To: marcos who wrote (3118 ) 9/24/2002 7:20:48 AM From: E. Charters Respond to of 8273 La Vicker 303 was Britain's answer to the Maxim automatic rifle field piece. It was made cheap for the brit war effort. As a matter of fact the clever brit socialist government got people to complain about Vickers profiteering during the war (how the hell would they know?) and they had to slash the price of the gun by half. The Vickers was water cooled and had to have water carriers, and expensive alcohol in the winter, but was very reliable and could fire for 24 hours at a time, so it outdid the Maxim or later Browning as an area denial weapon, despite its slower fire rate and unsuitability as both an air mounted weapon and an anti-aircraft weapon. It in fact performed in both those roles as well as the Lewis which was the closest thing to a man portable weapon in WWI at 22 kilograms. The Lewis actually had lots of success stories in the trenches despite its tendency to jam because it could be moved around quickly compared to the Maxim or Vickers. It could be manned by two to three men carrying drums and was often mounted on aircraft. I even saw a lewis mounted on a Cessna on the wings!

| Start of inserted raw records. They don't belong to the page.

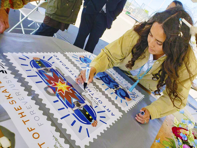 “Maybe I’ll get a letter in the mail that someone sent me with my stamp on it,” said Worl, 35, who lives in Juneau, Alaska. “I think that’s when it will really hit home with the excitement of that.”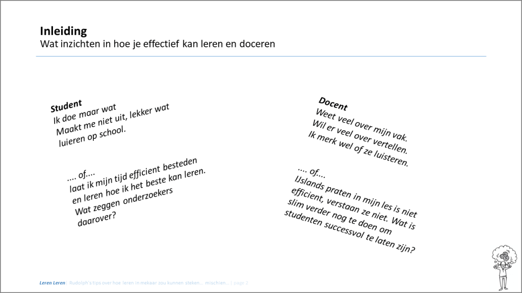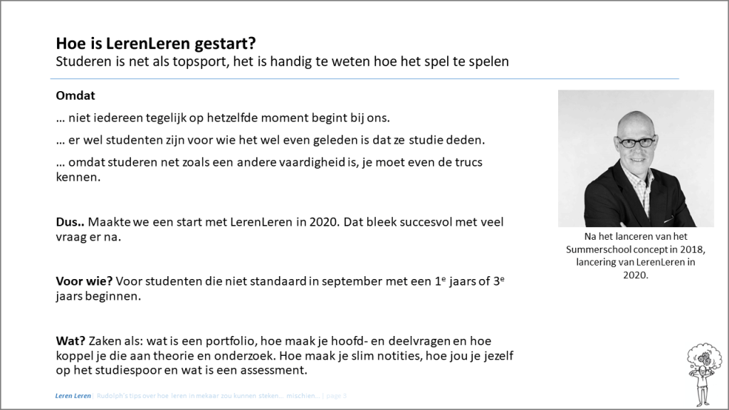 Vanaf 2023 gaat er een variant van LerenLeren zijn voor studenten die in februari van dit jaar starten. Deze studenten starten dus niet in september, maar zijn slim en koppelde hun goede voornemens van het jaar direct aan acite. Ze missen daardoor wel de introducties die september studenten hebben gehad, vandaar een extra ‘Start-up’ dag. Meer daarover ga je elders op deze site lezen. Ik zal daar ook de slides die ik gebruikt heb daar plaatsen.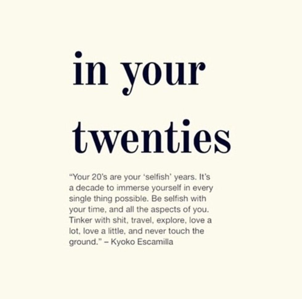 When I entered my twenties last year I was stoked to no longer be a teen. But then, as you get farther into this new decade, you start to panic. Is my major good enough? Will I graduate on time? Am I going to get a job? Do I need to start looking for a husband? Will I be financially stable to get my own place in a couple years? Am I ready to be an adult? Do I still need my parents or can I make it on my own?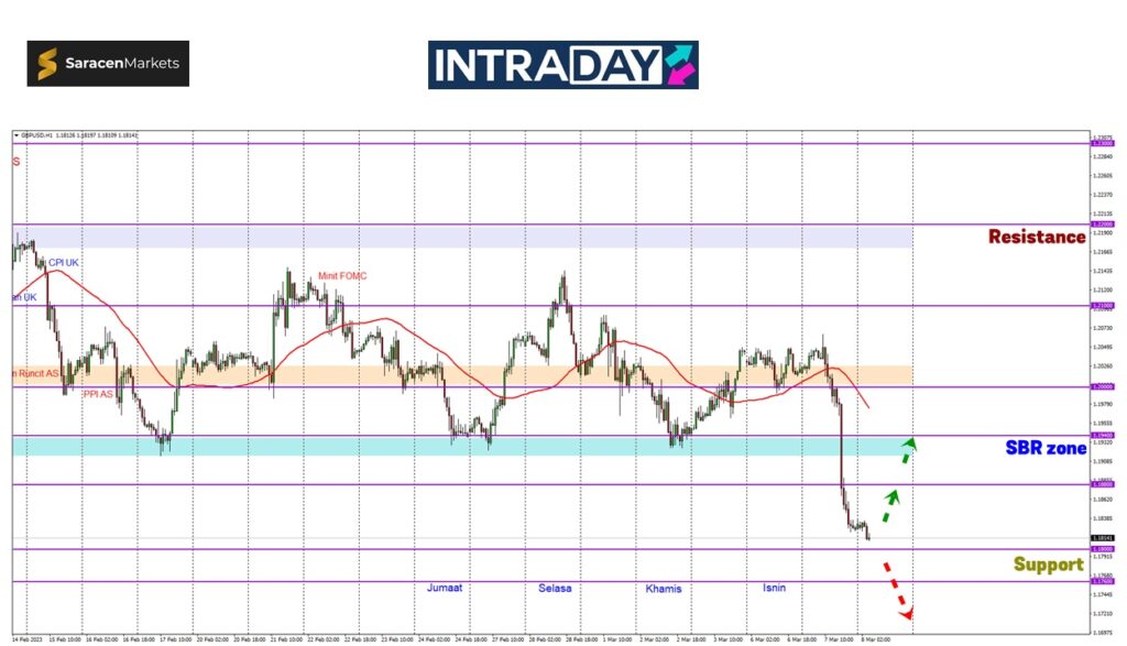 Penurunan lanjut harga akan dijangka diteruskan lagi hari ini untuk menguji zon tumpuan seterusnya pada 1.18000 sebelum melanjutkan lagi penurunan ke paras lebih rendah.

With all the blarney about CO and greenhouse gases and the like you would think Canadians would make instrumentation for detection and control of engines and stacks. We rely on US, Japanese and German companies which charge the moon, and often their equipment is not calibrated correctly. We do not have an equivalent in Canada to Racal, Draeger, Sperry Rand, Honeywell, Thermodyne et al. Even companies like Blackwood Hodge, Rastall, Ajax, Dominion who made great iron things that went thump in the night and the like seem to have died. People do not seem to realize how much we lost by chasing away the primary industry and the secondary manufacturers who made it possible. Domestic manufacturing capacity is vital for jobs and development.
I know a prof who has all the patents for catalytic control for SO2. It strikes me that someone could make devices that used computing and active control for warning sensors like smoke detectors and the like for mines, furnaces and vehicles.